QUESTION.- M. Havel, votre vie et votre oeuvre sont à la mesure de votre courage dans votre pays. Lors de votre visite aux Etats-Unis, à la question du Président Bush qui vous a demandé “Que souhaitez-vous ?”, vous avez répondu “aider l’Union soviétique”. Un homme qui est capable de répondre de la sorte force l’admiration. Avez-vous un message venant de l’Est pour les Occidentaux, croyez-vous à un renouveau spirituel et humaniste venant de l’Est ? Je pose également cette question au Président Mitterrand ?
– LE PRESIDENT VACLAV HAVEL.- Je trouve que ce message devrait être le rôle de l’ensemble de l’Europe vu ses traditions historiques, ses traditions spirituelles. Je trouve que dans le monde actuel, le monde sauvage, ce continent devrait s’efforcer de maintenir une certaine spiritualité, lutter contre une commercialisation totale de la vie, contre des totalitarismes, de veiller toujours à ce que les intérêts globaux prévalent les intérêts particuliers.
– Je pense que si l’expérience des pays qui jusqu’auparavant avaient vécu sous le règne totalitaire pourrait enrichir le continent, alors tant mieux.
– Puisque j’ai la parole, j’aimerais en profiter pour vous dire que je suis tout à fait d’accord avec le Président Mitterrand quand il avait dit que nos vues ont été proches, en fait j’aimerais dire que nous nous sommes compris de façon tout à fait excellente avec tous les hommes d’Etat, tous les hommes politiques avec qui nous avons eu des discussions, ici en France. Nous avons été particulièrement touchés par l’accueil extrêmement chaleureux et amical qui nous a été réservé en France. Nous avons l’impression que nous avons renouvelé des bonnes relations qui existaient dans le passé et que nous nous engagerons sur le même chemin vers l’avenir.

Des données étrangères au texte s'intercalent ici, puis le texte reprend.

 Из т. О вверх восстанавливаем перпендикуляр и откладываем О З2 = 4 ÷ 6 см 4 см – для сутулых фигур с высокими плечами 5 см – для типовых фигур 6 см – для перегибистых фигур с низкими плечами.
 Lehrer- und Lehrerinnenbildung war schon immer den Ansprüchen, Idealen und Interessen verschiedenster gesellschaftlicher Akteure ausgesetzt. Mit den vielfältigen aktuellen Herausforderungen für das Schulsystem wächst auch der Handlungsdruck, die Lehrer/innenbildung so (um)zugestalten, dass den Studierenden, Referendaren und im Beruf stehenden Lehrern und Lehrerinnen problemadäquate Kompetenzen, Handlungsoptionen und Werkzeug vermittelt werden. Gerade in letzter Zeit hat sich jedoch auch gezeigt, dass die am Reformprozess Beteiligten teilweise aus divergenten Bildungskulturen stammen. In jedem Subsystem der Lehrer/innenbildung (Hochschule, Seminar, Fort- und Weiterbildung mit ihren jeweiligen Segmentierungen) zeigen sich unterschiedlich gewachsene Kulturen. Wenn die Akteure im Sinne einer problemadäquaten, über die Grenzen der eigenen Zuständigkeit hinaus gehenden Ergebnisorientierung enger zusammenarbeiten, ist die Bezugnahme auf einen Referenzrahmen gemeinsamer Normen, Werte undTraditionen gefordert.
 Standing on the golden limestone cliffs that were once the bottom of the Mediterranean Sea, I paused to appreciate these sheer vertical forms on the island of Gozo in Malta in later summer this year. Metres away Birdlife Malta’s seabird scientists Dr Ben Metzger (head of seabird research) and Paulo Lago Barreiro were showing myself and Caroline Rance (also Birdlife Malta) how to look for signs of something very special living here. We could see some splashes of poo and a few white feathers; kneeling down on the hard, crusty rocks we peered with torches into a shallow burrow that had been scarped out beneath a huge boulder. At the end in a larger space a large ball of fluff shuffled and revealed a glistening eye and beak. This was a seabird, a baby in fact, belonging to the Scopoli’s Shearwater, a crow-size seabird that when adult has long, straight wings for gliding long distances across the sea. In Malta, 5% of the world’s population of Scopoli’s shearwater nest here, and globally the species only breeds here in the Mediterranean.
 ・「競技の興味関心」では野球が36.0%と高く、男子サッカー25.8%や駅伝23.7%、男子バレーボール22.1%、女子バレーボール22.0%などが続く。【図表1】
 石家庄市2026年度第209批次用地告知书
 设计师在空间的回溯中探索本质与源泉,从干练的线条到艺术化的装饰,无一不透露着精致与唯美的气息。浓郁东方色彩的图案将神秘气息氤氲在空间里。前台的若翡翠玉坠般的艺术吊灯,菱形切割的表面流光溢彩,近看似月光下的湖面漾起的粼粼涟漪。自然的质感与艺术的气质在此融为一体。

– LE PRESIDENT.- J’ajouterai simplement quelques mots pour vous dire que l’Europe est une par les sources de sa culture, par ses sources spirituelles et que même si les philosophies qui se sont exprimées depuis l’origine sont souvent différentes, elles expriment les interrogations de l’homme mais de l’homme européen à sa manière. L’Europe doit être plus encore aujourd’hui une au travers d’une évolution que l’on observe vraiment partout, vers la même forme d’organisation de la société, c’est-à-dire une société démocratique. On voit donc se dessiner après tant de siècles, de heurts, de luttes, quand l’Europe était – il faut le dire – au centre de l’histoire du monde, elle peut redevenir ce centre, mais au travers de cette unité à laquelle nous travaillerons.
QUESTION.- Pendant la dernière campagne électorale vous avez fait preuve, monsieur le Président d’une maîtrise admirable, d’un sang-froid absolu si notre Président vous le demandait, quels conseils lui donneriez-vous pour la même occasion ?
– LE PRESIDENT.- Je ne lui dirai pas faites comme moi, je lui dirai faites comme vous êtes et comme vous pensez et j’ai bien le sentiment que telle est sa façon d’être à lui c’est-à-dire d’être semblable à lui-même. Je crois qu’il n’y a pas d’autre secret, de ne rien interposer entre soi et les autres en étant tel que l’on sent être soi-même.
– M. VACLAV HAVEL.- J’aimerais mettre en oeuvre cette sorte de conseil.
– LE PRESIDENT.- Il ne m’a pas demandé en plus mais je ne souhaite pas lui donner un conseil par personne interposée. Enfin, puisque vous m’interrogez, voilà ce que je vous réponds, surtout qu’il ne me ressemble pas.